Most efficient code for the first 10000 prime numbers?

Question

I want to print the first 10000 prime numbers. Can anyone give me the most efficient code for this? Clarifications:

1. It does not matter if your code is ineffici

Answer 1

This is an old question, but there's something here everyone's missing...

For primes this small, trial division isn't that slow... there are only 25 primes under 100. With so few primes to test, and such small primes, we can pull out a neat trick!

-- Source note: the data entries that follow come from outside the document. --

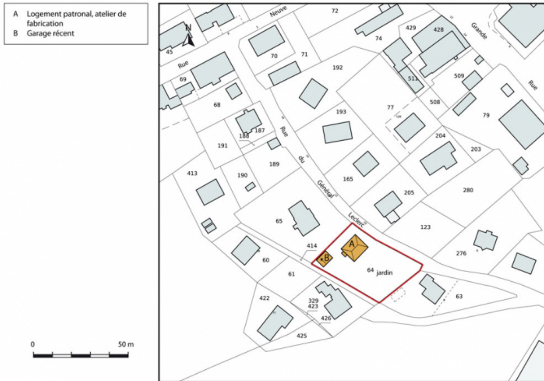
Plan-masse et de situation. Extrait du plan cadastral, 2015, section AI. 25, Charquemont, 11 rue du Général Leclerc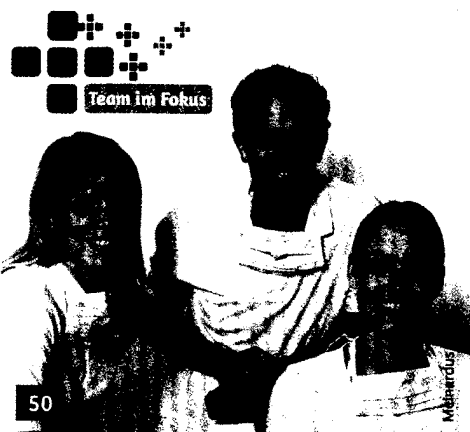
Team im Fokus: Ihr Weg zur interdisziplinären Mundgesundheitspraxis, jetzt per Fax anmelden.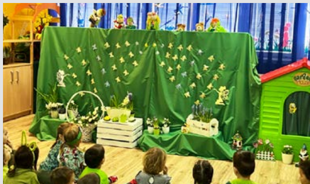
Teatrzyk na Powitanie Wiosny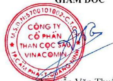
Nguyễn Văn Thuận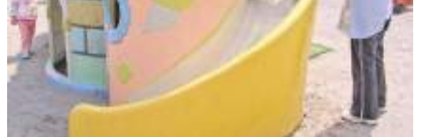
元気に遊ぶ園児たち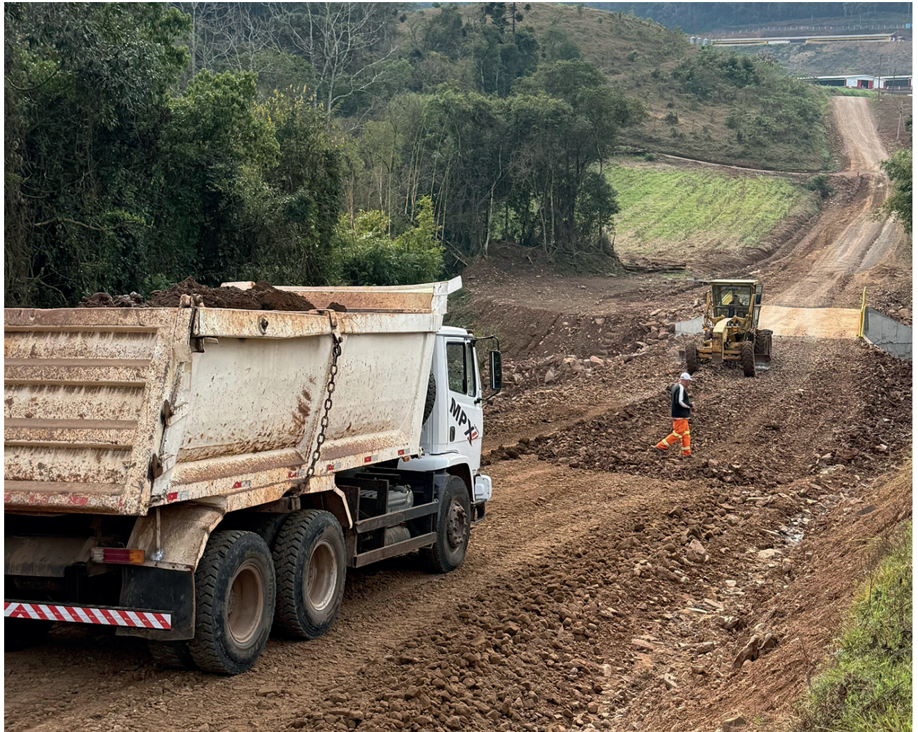
O asfaltamento do trecho na Linha Poço da Laje iniciou no sábado (16), quatro dias após a inauguração da nova ponte na comunidade que liga Relvado a Doutor Ricardo

Importante ressaltar que no período de execução da obra, o trânsito pela ponte estará interrompido, sendo possível acessar a estrada que leva ao município de Doutor Ricardo e a outras comunidades pelo Parque Municipal de Rodeios, desvio utilizado quando a ponte ainda estava interditada. Conforme a Administração Municipal a execução ainda não tem prazo para conclusão. O valor de investimento é oriundo de recursos próprios do Município de Relvado e emendas conquistadas.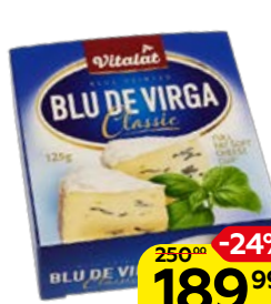
Сыр VITALAT , Блю Де Вирга, с плесенью, 125 г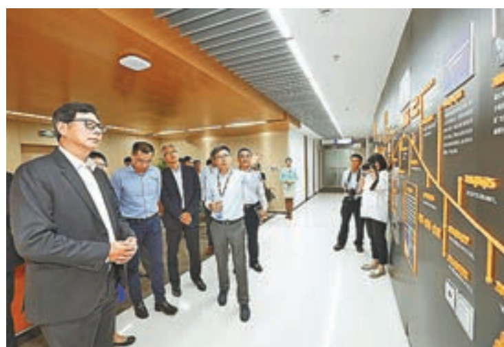
陳德霖(左一)參觀微眾銀行，由副行長及首席信息官馬智濤(左四)講解金融科技在銀行服務上的應用。

通過這次交流，金管局與深圳金融辦同意加強兩地合作，為銀行及金融機構在應用金融科技方面，提供更有利發展的環境，並推出下列合作項目：一、深圳金融辦應金管局邀請，同意參與於今年下半年在港舉行金融科技高峰會，促進兩地金融科技人員的交流和合作；二、深圳金融辦應金管局邀請，同意參與舉辦大型金融科技比賽，提供平台讓各地的金融科技創業者展示其產品及服務，鼓勵創新，提升行業水平。有關詳情會於年內公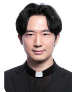
박재형 도미니코 교하 성당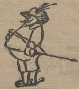
MI TIO, por José Huerta (siete años)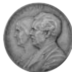
17. Anna Hierta-Retzjus av Erik Lindberg 1926. Silver. 31 mm. Utgiven av Kungl. Svenska Akademiens Hierta-Retzjus-stiftelse .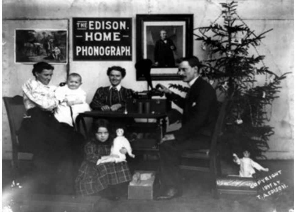
1897. Fonograf dinleyen bir aile fotoğrafı.

kanizmasıyla ilgilenen ve sağır-dilsizlerin eğitimiyle ilgili sorunları çözmeye çalışan İskoç bilim adamı Alexander Graham Bell (1847-1922) bu çalışmalarından haberdar oldu. Bell, incelemeleri sırasında Helmholtz'un "İşitme Duyusu Açısından Müziğin Fizyolojik Teorisi" (1863) adlı eserinden, elektromıknatısın etkilediği bir diyapazon aracılığıyla nasıl sesler elde edilebileceği hakkında fikir edinmişti. 1872'de Boston Üniversitesine ses fizyolojisi profesörü olarak atanan Bell, 1875'te telgraf manipülasyonu aracılığıyla bir diyapazonu titreştirebildi. Sonra diyapazonun yerine mıknatıslı maden parçaları kullandı ve kuru bir ses çıkararak elektromıknatısa gidip yapışıklarını gözlemledi. Ani bir esinlenmeyle, maden parçacıklarının yerine bir zar yerleştirdi ve zarı titreşimlerine göre direnci değişen bir elektrik devresine bağladı. 10 Mart 1876'da, telin öbür ucunda çalışmakta olan asistanına seslendi: "Bay Watson, gelin! Size ihtiyacım var." Patronunun sesini duyan Watson şaşkın ve ürkek bir tavırla koşup geldi. Bu, ilk telefon konuşmasıydı.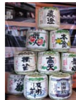
上諏訪駅に九銘柄の地元の酒樽です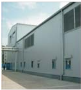
Investiție "Lek" de 12 milioane de dolari la Tirgu Mureș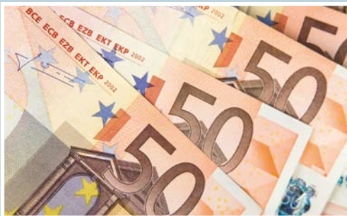
Teuer wird es, wenn man ohne Ausweis erwischt wird

Bis Ende 2007 durfte der Zoll bei Baustellenkontrollen anstelle des Sozialversicherungsausweises auch die Vorlage des Personalausweises akzeptieren. Diese Möglichkeit gibt es ab 2008 nicht mehr. Damit müssen auch Anlagenmechaniker den Sozialversicherungsausweis (mit Foto) bei Arbeiten auf Baustellen mit sich führen. Sollte die Zollverwaltung einen Arbeitnehmer ohne den Sozialversicherungsausweis auf einer Baustelle antreffen, drohen Bußgelder bis zu 1000 € für den betroffenen Arbeitnehmer. Arbeitgeber sind verpflichtet, ihre Mitarbeiter darauf hinzuweisen.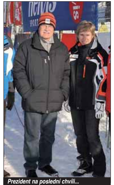
Prezident na poslední chvíli...

Před únorovými SP zmizel sních z tratí ve Vesce během několika týdnů dní.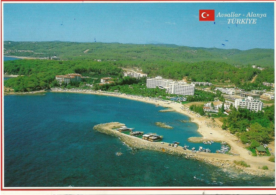
Fotoğraf. 3: Avsallar’ın Yeşil Zamanlarını ve Eski Balıkçı Barınağını Gösteren Bir Kartpostal 16

Bu set içinden sahillere ise beş adet dar ara sokaktan ulaşılır. Ancak bu sokaklar daha çok halkın denize ulaşmasından ziyade otellerin ve sitelerin kendi aralarındaki sınırları belirlemektedir. Bu sokaklar Mahalle sakinleri için birer müşterek olmaktan çıkmıştır neredeyse. Öyle ki çalışma sürecince Avsallar’da yıllarca yaşayıp bu sokaklardan haberi olmayan onlarca insanla karşılaştık. Ayrıca eskiden var olan ancak şu anda yok olan sokaklar vardır. Bu sokaklar oteller tarafından çitlenmiş ve ortadan kaldırılmışlardır. Başlı başına bir müşterek olan sokakların yine kıyı müşteregi olan sahillere ulaşması gerekirken otellerce çitlenerek ortadan kaldırılması ya da peyzaj çalışmalarıyla oradaki otele ait bir mülkmüş gibi gösterilmesi toplumsal, çevresel eşitsizlik üretir. Bu çitlemeler sonrasında doğal varlığa erişim kısıtlanır. Özellikle Rubi Platinium Otel ile İncekum Tabiat Kampı arasında bulunan sokaklar ve kumsallar neredeyse tek bir otel müşterisi olmayan kullanıcı 17 tarafından kullanılamamaktadır. Beş yıldır Avsallar’da yaşayan G 15 “bu alanda hiç denize girdin mi?” sorumuzu “oraya

If a is coprime to b, then gcd a b = 1. Coprime. Fun word. Means it doesn't share any prime factors. We can thus test for divisibility by several primes with one GCD call. How many? Well, the product of the first 15 primes is less than 2^64. And the product of the next 10 is also less than 2^64. That's all 25 that we need. But is it worth it?

Let's see:

check x = null $ filter ((==0) . (x `mod`)) $ []
Prelude> length $ filter check [101,103..85600]
>>> 9975
(0.30 secs, 125,865,152 bytes

a = 16294579238595022365 :: Word64
b = 14290787196698157718
pre = [2,3,5,7,11,13,17,19,23,29,31,37,41,43,47,53,59,61,67,71,73,79,83,89,97]
primes = (pre ++) $ filter ((==1) . gcd a) $ filter ((==1) . gcd b) [99,101..85600]
main = print $ length primes

Prelude> main
>>> 10000
(0.05 secs, 36,387,520 bytes)

A 6 fold improvement there.

(length is to force the list to be computed. By default Haskell prints things 1 Unicode character at a time and so actually printing the list will either dominate the time or dominate the amount of actual code used.)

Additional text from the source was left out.